● **Exercise description**
Only the pictures are to be dropped; return all other data below exactly.

● **Data segment**

----------

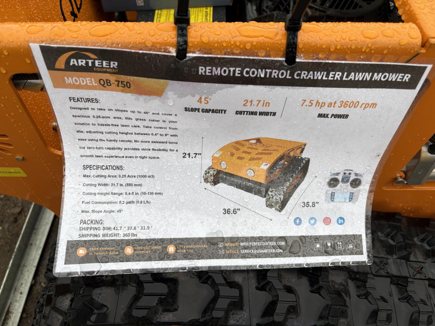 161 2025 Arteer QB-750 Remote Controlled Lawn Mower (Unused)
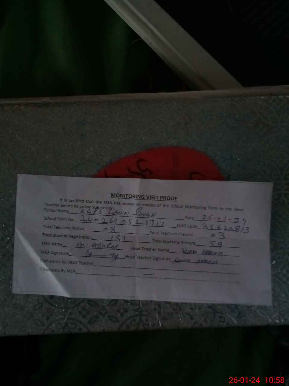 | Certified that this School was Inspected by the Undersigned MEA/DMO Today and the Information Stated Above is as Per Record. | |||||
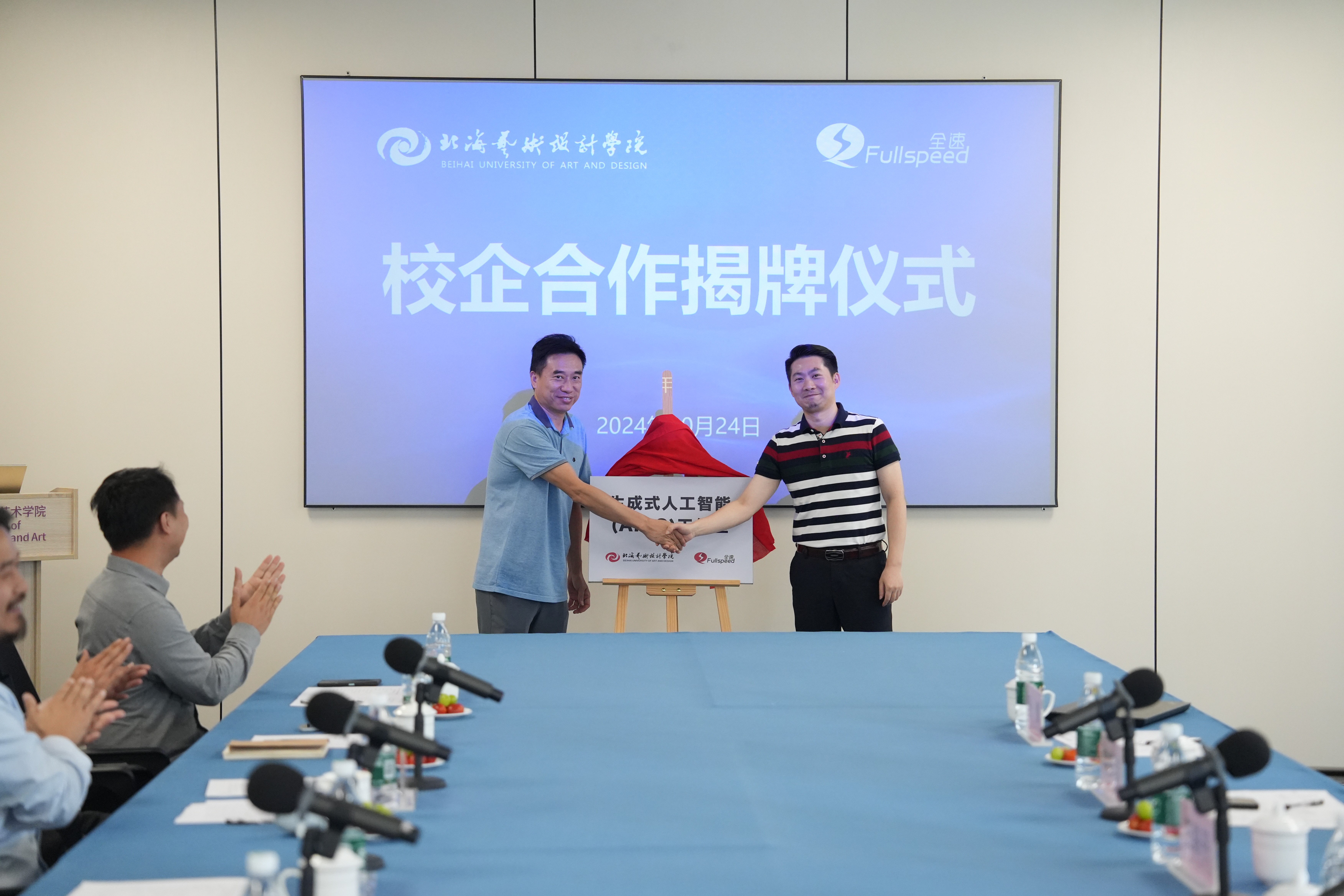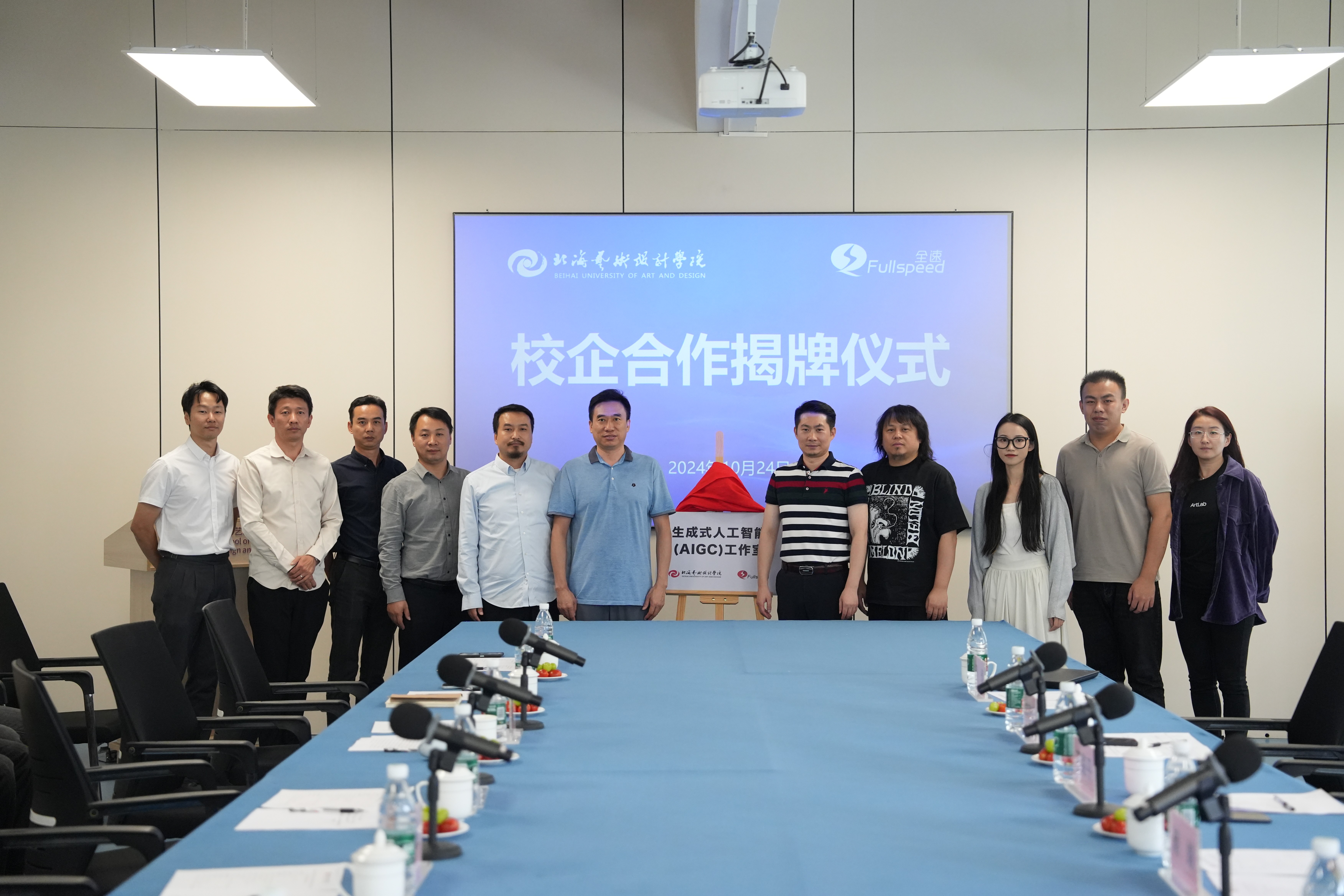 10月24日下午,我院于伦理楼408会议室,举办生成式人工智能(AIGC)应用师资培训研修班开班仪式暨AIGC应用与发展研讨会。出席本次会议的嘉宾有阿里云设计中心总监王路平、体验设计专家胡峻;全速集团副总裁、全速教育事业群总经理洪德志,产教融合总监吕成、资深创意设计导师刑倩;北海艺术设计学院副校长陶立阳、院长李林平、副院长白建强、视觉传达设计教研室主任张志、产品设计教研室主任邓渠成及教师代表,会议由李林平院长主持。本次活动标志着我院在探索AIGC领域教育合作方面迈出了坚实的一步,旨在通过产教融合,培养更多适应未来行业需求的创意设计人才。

----------

● **Expected output**
 161 2025 Arteer QB-750 Remote Controlled Lawn Mower (Unused)
 | Certified that this School was Inspected by the Undersigned MEA/DMO Today and the Information Stated Above is as Per Record. | |||||
 10月24日下午,我院于伦理楼408会议室,举办生成式人工智能(AIGC)应用师资培训研修班开班仪式暨AIGC应用与发展研讨会。出席本次会议的嘉宾有阿里云设计中心总监王路平、体验设计专家胡峻;全速集团副总裁、全速教育事业群总经理洪德志,产教融合总监吕成、资深创意设计导师刑倩;北海艺术设计学院副校长陶立阳、院长李林平、副院长白建强、视觉传达设计教研室主任张志、产品设计教研室主任邓渠成及教师代表,会议由李林平院长主持。本次活动标志着我院在探索AIGC领域教育合作方面迈出了坚实的一步,旨在通过产教融合,培养更多适应未来行业需求的创意设计人才。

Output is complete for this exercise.